Он начинал с фокусов. У него в руках оказывалась игрушечная пушка. Откуда он ее доставал?! — не знаю. Я думаю, из рукава. Потом в руках у него появлялись какие-то шарики. Он доставал их из-за ворота, из рукавов, из брюк, из носа…
Дети кричали так, что просто беда была. «Ещё! ещё!! ещё!!!»
А я смотрела и удивлялась: на эстраде стоял совсем другой человек! Даня — и не Даня. Он совершенно менялся.
Потом он читал свои стихи. «Иван Иваныч Самовар», «Врун», «Бегал Петька по дороге, по дороге, по панели…» и другие.
На детских утренниках он имел самый большой успех — из всех, кто выступал.
Даня, повторяю, был очень добрый. И его странности, конечно, никому не приносили ни огорчения, ни вреда. И я должна сказать, что он все-таки делал всё, что он хотел, всё, что ему нравилось.

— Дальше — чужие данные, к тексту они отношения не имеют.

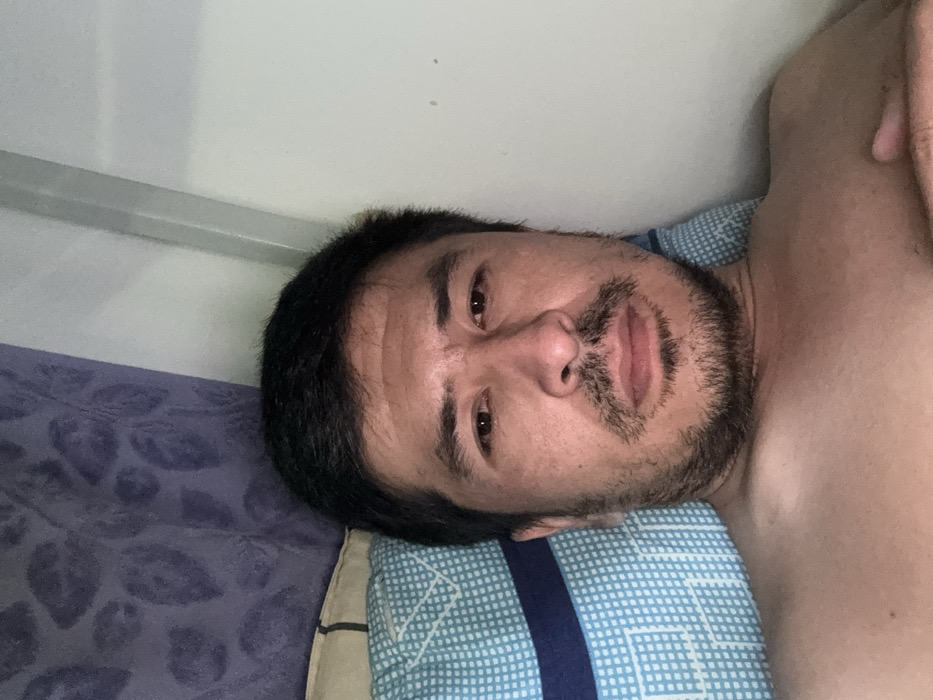 A shirtless man with dark hair and a salt-and-pepper beard lies on a blue patterned pillow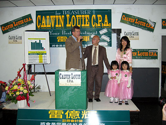 The Chinese community is strong in San Francisco and should turn up in their thousands to vote for this honest man. So too the thousands of other San Francisco constituents that treasure an honest Treasurer and one that will bring money in and make good stuff happen. We are fed up with dishonest folks that have screwed our City and its fiscal state of affairs in the Treasurer's Office. Jose Cisneros has been hand picked to replace Susan Leal and both of them have a hidden agenda. The San Francisco Chronicle has revealed to the world that the present Treasurer has been waiting to pay his property taxes. I also know that the present Treasurer has the lowest amount of taxes collected when he could have done better. His days are numbered and we want a good, honest, hard working man like Calvin Louie to bring in the millions of dollars that have not been collected in taxes. We are fed up with excuses but want action and a Treasurer with a vision, intelligence and the will to do what is right. Mayor Gavin Newsom is playing dirty politics and we want him to stand aside and give a good man with family values a chance to serve San Francisco. Calvin Louie believe me is a trusted professional. He has been a California State Certified Public Accountant and in charge of his CPA firm for over 26 years. He has a lovely wife and two lovely children. Calvin Louie has served on various Commissions but more he has served the poor and those that did not have bank accounts. Folks that could not balance a check. He is a peoples' person and very sincere. I do not see that type of sincerity in the other candidates. I see cronies and crooks that will do the bidding of those corrupt politicians in power. We need a Treasurer that can invest the City's Assets and have full Fiscal Accountability. More is we need a Treasurer that is not full of Spin and Lies but the Truth and Honesty? I see Calvin Louie doing the City and County of San Francisco proud. A graduate from University of California Berkeley, Calvin Louie has many years of experience and has audited thousands of individual accounts, the City's accounts and those of large businesses, the San Francisco Airport, BART, the SF City Controller's Office, and the Health Service System are but few of the many large accounts that he has audited. Calvin Louie has the ability to bring in the money and help get rid of the deficit that our City has today. The other candidates talk the talk but cannot walk the walk. Let us vote for Calvin Louie a man for the masses and who has worked with the masses. There is nothing snobbish about this good man. He is very simply but extremely intelligent when it comes to money, accounting, investing, tax recovery and fiscal operations. He has grassroots support where ever he goes. The time has come for the City and County of San Francisco to have a good man and a knowledgeable Treasurer. We have one is Calvin Louie. Let us be proud that in today's world full of corruption and dishonesty, where family values are down trodden a man like Calvin Louie can stand up and say I will take the reigns and make good stuff happen for all of San Francisco and all San Franciscans. It is time we have an Asian American to represent the thousands of Asians but more to invest the money that so many Asian and other businesses give to the City and County San Francisco and which is poorly invested. Have a one on one talk with Calvin Louie and I bet you will agree with what I have stated in this article. Ask him the hard questions and watch him answer you with easy and look you straight in the eye. In recent years folks like Susan Leal, Bevan Dufty, Jose Cisneros, Tom Ammiano, Virginia Harmon and the likes of them have been trying to vie for certain slots in Public Office more so to divert the attention of good government and propagate a false and hidden agenda. Most of them are inept and lack honesty. I have been saying this openly. I have talked to this honest man Calvin Louie and I see him winning but he cannot do that if we sit back and do not work to make good stuff happen. His wife and children love him, we all love him, now is the time to bring this man into the Treasurer's Office and set the fiscal records of our great City straight. For too long have crooks mismanaged the Treasure's Office first it was Susan Leal and now Jose Cisneros. Vote for a Certified Public Accountant, with over 30 years of experience, a family man with strong values, he is very hard working and will do our Great City proud. Vote for Calvin Louie as Treasurer of San Francisco. |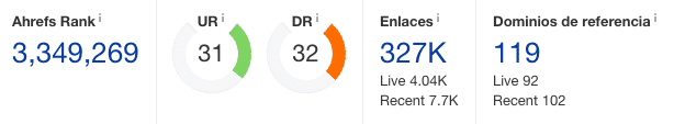 Este caso es excepcional, pues tuvo un crecimiento en tan solo 6 meses, donde la autoridad de dominio pasó de 32 a 44; los dominios de referencia pasaron de 119 a 466 y pasó de 327.000 enlaces a 45.400.
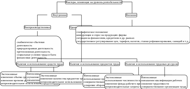 Внепроизводственные факторы включают в себя снабженческо-сбытовую деятельность, т.е. своевременность и полноту выполнения поставщиками и покупателями обязательств перед предприятием, их удаленность от предприятия, стоимость транспортировки до места назначения и т.д.. Природоохранные мероприятия, которые необходимы для предприятий ряда отраслей, например, химической, машиностроительной и т.д. отраслей, и влекут за собой значительные издержки. Штрафы и санкции за несвоевременность или не точность выполнения каких-либо обязательств фирмы, например, штрафы в налоговые органы за несвоевременность расчетов с бюджетом. На финансовые результаты деятельности фирмы, а следовательно и на рентабельность косвенно влияют и социальные условия труда и быта работников. Финансовая деятельность предприятия, т.е. управление собственным и заемным капиталом на предприятие, деятельность на рынке ценных бумаг, участие в других предприятиях и т.д.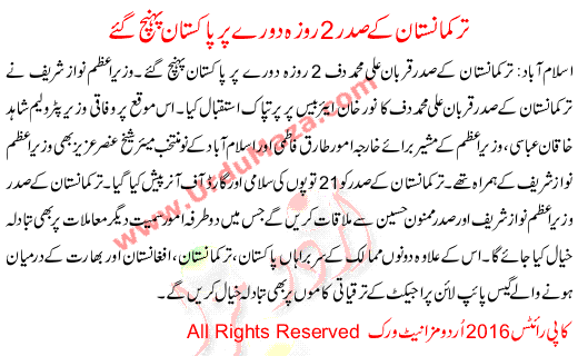 Turkmenistan President Arrives On Two-day Visit To Pakistan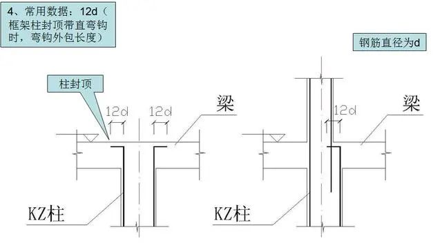 1)框架柱封顶带直弯钩时,弯钩外包长度。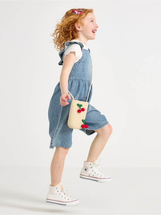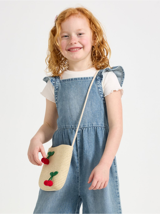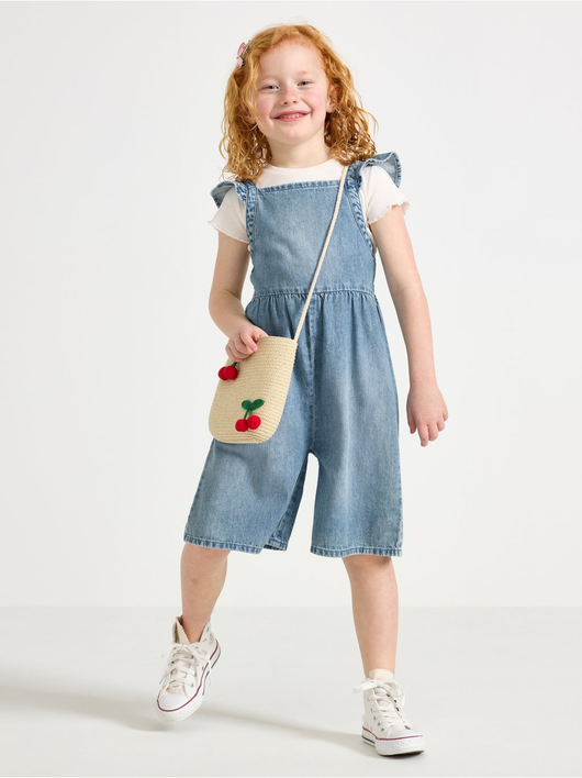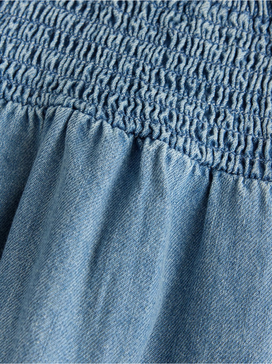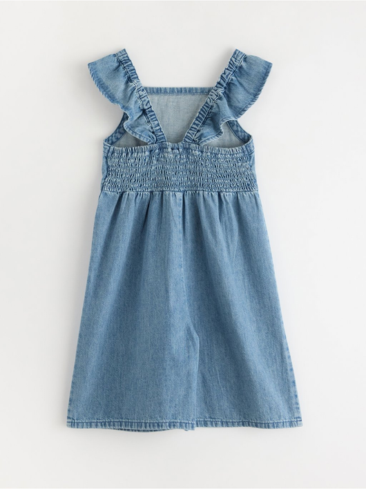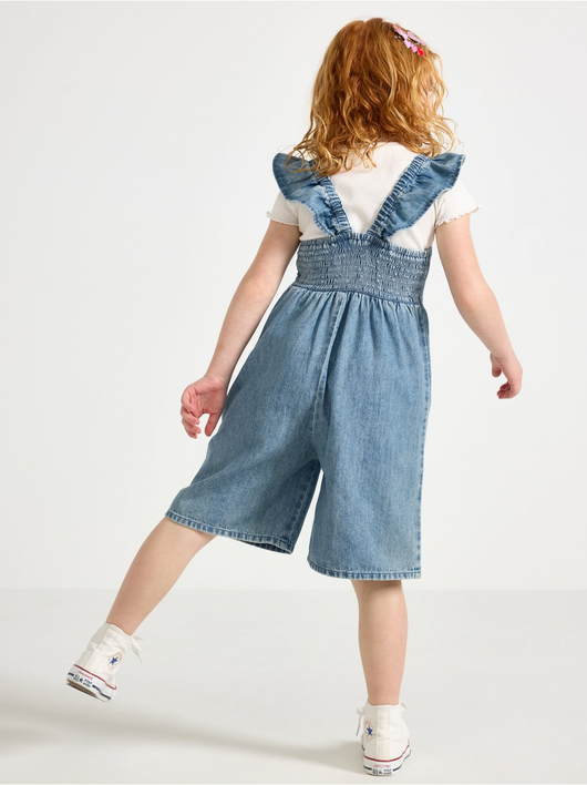 Jumpsuit in denim with flounce at shoulders and smock to back.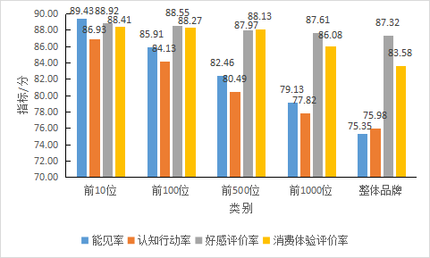 進一步比較二級指标,如圖13所示,品牌聲譽前10位地标品牌的平均能見率、認知行動(dòng)率、好感評價率和消費體驗評價率分别爲89.43、86.93、88.92和88.41,4項二級指标的評分較爲均衡;從(cóng)左至右可見,平均能見率、認知行動(dòng)率與好感評價率、消費體驗評價率之間的差距在逐漸拉開。

Он, например, подходил к окну без ничего, совершенно голый, и стоял так у окна в голом виде. Довольно часто.
Это было и некрасиво и неэстетично. Его могли увидеть с улицы.
Всю жизнь он не мог терпеть детей. Просто не выносил их. Для него они были — тьфу, дрянь какая-то. Его нелюбовь к детям доходила до ненависти. И эта ненависть получала выход в том, что он делал для детей.
Но вот парадокс: ненавидя их, он имел у них сумасшедший успех. Они прямо-таки умирали от хохота, когда он выступал перед ними.
Почему же он шел на эти выступления? почему на них соглашался?
Он знал, что он притягивает к себе детей, вообще людей вокруг, что они будут вести себя так, как он захочет. Он это всегда чувствовал.
И вот такая необъяснимая штука, — при всей ненависти к детям, он, как считают многие, прекрасно писал для детей, это действительно парадокс.
Маршак очень любил Даню. И я думаю, Даня также относился с большим уважением к Маршаку.
Однажды мы поехали с Даней куда-то на пароходе по Волге. И с нами ехал Маршак. Это была длинная прогулка, на несколько дней, а может быть, и дольше.
С Маршаком плыли его сыновья, Элик и Яша.
Маршак очень мило со мной общался. И он тогда узнал от меня, что мои родители — мама, папа и бабушка — все трое — в ссылке. Ему я об этом могла рассказать.
Когда Даня и я плавали с Маршаком и детьми по Волге, в это время арестовали бабушку.
Я вернулась и поехала в Москву хлопотать за нее. У меня в Москве жили друзья и тетка. Я у них останавливалась.
Я пошла в Красный Крест, к жене Горького, по уже известному мне адресу.